The second new development plan looked at expanding the sulphide milling circuit to enhance the project’s returns through economies of scale and decreased mine life. The large-scale combined project would involve a 100,000-tonne-per-day heap leach operation for six years, declining to 89,000 tonnes daily in year seven. In year four, the sulphide milling and flotation facilities would start processing 100,000 tonnes of ore daily as well.

The combined operation would produce an average of 833,000 oz. gold annually, over a 12.6-year mine life. Including the milling circuit improves the expected recovery to 78%. It would cost Tower Hill US$534 to produce each ounce of gold. But it would cost the company US$625 million to get the initial heap leach running and then another US$1.03 billion to add the milling and flotation circuits. The combined operation gives the project a NPV of US$1.1 billion and generates an 18.5% IRR.
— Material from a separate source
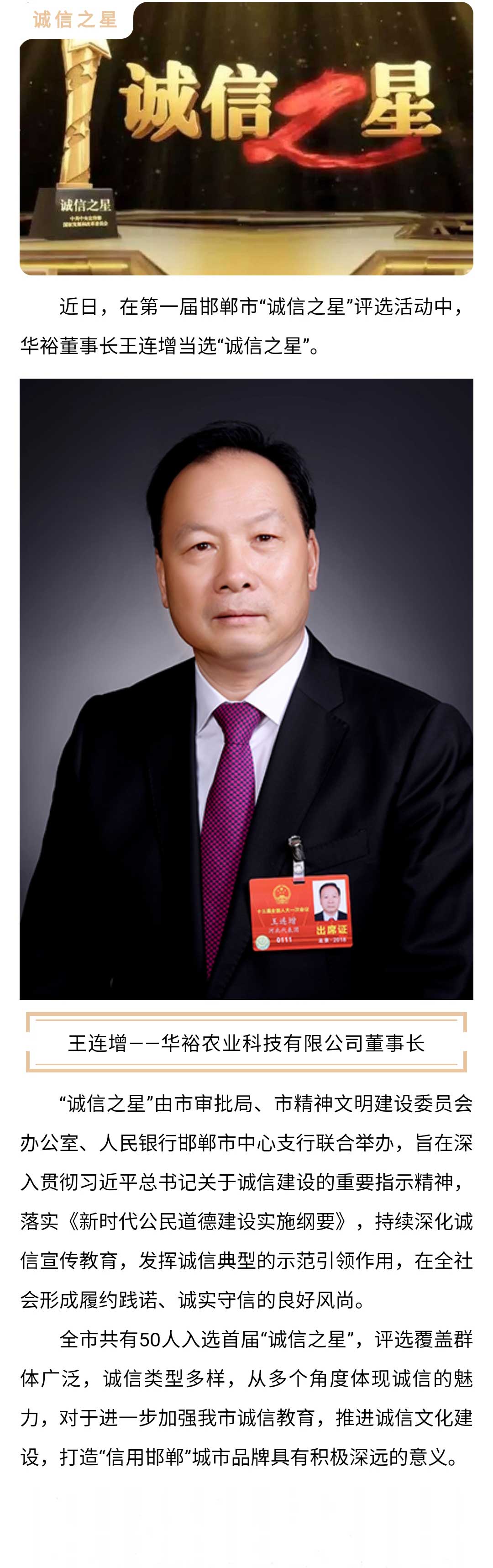 喜訊!華裕董事長王連增當選邯鄲市首屆“誠信之星”

Pontius says the large mill and heap leach option “reflects overall project value”.

Now, with several development options on the table Tower Hill says it will continue with optimization studies while starting on a prefeasibility study.

Tower Hill also announced drill results from the latest 17 holes in its 50,000-metre summer drill campaign. The program includes significant infill drilling, aimed at upgrading the majority of the resource to measured and indicated levels while also expanding the deposit at depth and better defining its higher-grade portions. The company is also probing the new Olive zone and testing several district-scale targets.
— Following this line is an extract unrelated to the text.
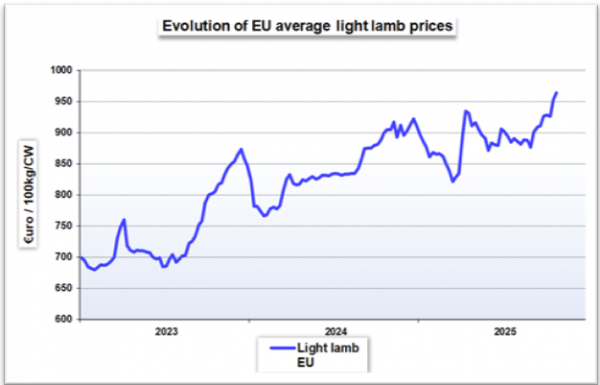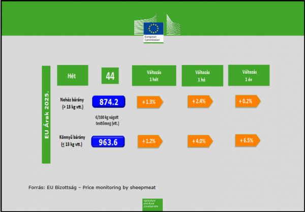 Az Európai Unióban 2025 negyvennegyedik hetében mind a nehéz bárányár, mind pedig a könnyű bárányár pedig emelkedést mutatott az előző heti árakhoz viszonyítva.

Hole 405 cut 6.1 metres grading 18.2 grams gold per tonne, confirming the presence of a trend of mineralization grading better than 6 grams gold that extends for almost 500 metres. The zone is less than 50 metres below surface, making it a key early mining target. Other intercepts from the high-grade zone include 4.6 metres of 7.13 grams gold and 21.3 metres of 6.28 grams gold.

And at the Olive zone, which sits just southeast of the deposit, hole 391 returned 45.7 metres grading 1.1 grams gold while hole 396 hit 13.7 metres of 2.1 grams gold. Mineralization at Olive is hosted in the same units as at Money Knob but Tower Hill is particularly excited about Olive because the area does not carry a gold-in-soil anomaly. The presence of gold in rock without a soil anomaly opens up a large area for exploration to the south of the deposit, which will be one of Tower Hill’s exploration foci in the fall.

The latest resource update for Money Knob pegged indicated resources at 789 million tonnes grading 0.62 gram gold and inferred resources at 229 million tonnes averaging 0.55 gram gold, using a cut-off grade of 0.3 gram gold, for 19.7 million contained ounces of gold. Raising the cut-off grade to 0.7 gram gold highlights the higher-grade core of the deposit, which is home to 202 million indicated tonnes grading 1.07 grams gold plus 40 million inferred tonnes averaging 1.06 grams gold, for 8.3 million contained ounces.

Mineralization at Livengood remains open in several directions, particularly to the west, southeast, and at depth.

The Livengood project lies 110 road kilometers north of Fairbanks, Alaska, along the paved Elliot Highway. Tower Hill owns 100% of the 145-sq. km land package, which consists of fee land leased from the Alaska Mental Health Trust, several smaller private mineral leases, and 115 Alaska state mining claims.

Tower Hill investors were pleased with the company’s PEA optimization efforts and lifted the company’s share price 37c or 6% to reach $6.44. The company has a 52-week trading range of $4.12 to $8.35 and has 68 million shares outstanding.